**Exercise goal**
Within the records below is a range that opens at the line with "- Hystrix - 해당" and closes at the line with "Beżowy kardigan damski, dzianinowy". Return that range word for word, both ends included, and only that range.

**Records to use**
○ ○ ○ ○
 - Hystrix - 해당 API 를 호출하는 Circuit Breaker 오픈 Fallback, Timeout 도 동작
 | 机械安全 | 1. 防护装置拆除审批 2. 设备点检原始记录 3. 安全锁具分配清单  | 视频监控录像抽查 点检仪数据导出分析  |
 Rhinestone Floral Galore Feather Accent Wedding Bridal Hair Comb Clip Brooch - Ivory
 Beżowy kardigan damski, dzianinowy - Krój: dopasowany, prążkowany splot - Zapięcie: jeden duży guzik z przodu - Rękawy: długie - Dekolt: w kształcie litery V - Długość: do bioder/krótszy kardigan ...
○ ○ ○ ○
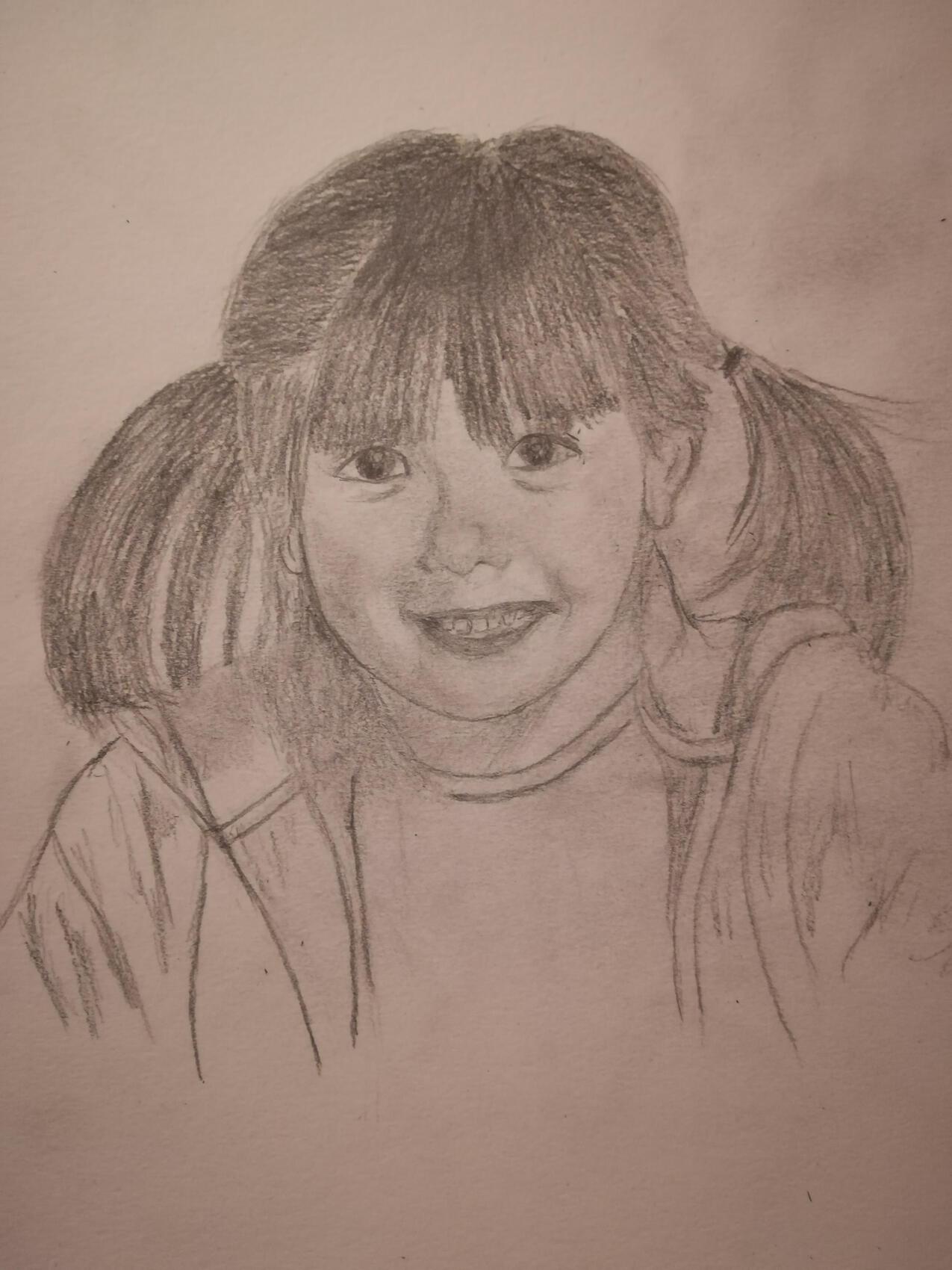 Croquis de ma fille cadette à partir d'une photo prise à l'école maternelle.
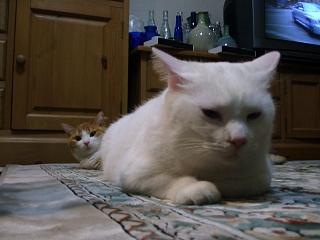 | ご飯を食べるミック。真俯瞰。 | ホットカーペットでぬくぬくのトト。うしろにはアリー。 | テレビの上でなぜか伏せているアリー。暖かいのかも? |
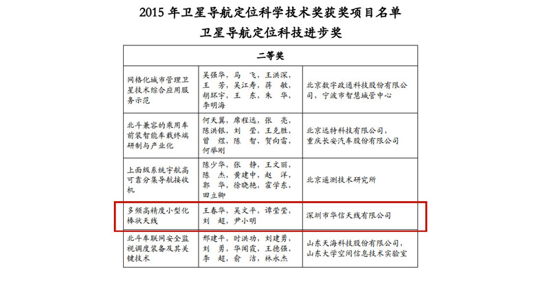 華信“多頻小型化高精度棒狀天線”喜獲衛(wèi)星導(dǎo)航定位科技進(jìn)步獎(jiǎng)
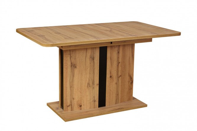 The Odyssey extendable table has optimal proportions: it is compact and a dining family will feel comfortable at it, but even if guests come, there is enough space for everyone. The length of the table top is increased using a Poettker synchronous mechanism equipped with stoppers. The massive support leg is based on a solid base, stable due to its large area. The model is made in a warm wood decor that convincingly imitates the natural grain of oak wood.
○ ○ ○ ○
**Exercise result**
 - Hystrix - 해당 API 를 호출하는 Circuit Breaker 오픈 Fallback, Timeout 도 동작
 | 机械安全 | 1. 防护装置拆除审批 2. 设备点检原始记录 3. 安全锁具分配清单  | 视频监控录像抽查 点检仪数据导出分析  |
 Rhinestone Floral Galore Feather Accent Wedding Bridal Hair Comb Clip Brooch - Ivory
 Beżowy kardigan damski, dzianinowy - Krój: dopasowany, prążkowany splot - Zapięcie: jeden duży guzik z przodu - Rękawy: długie - Dekolt: w kształcie litery V - Długość: do bioder/krótszy kardigan ...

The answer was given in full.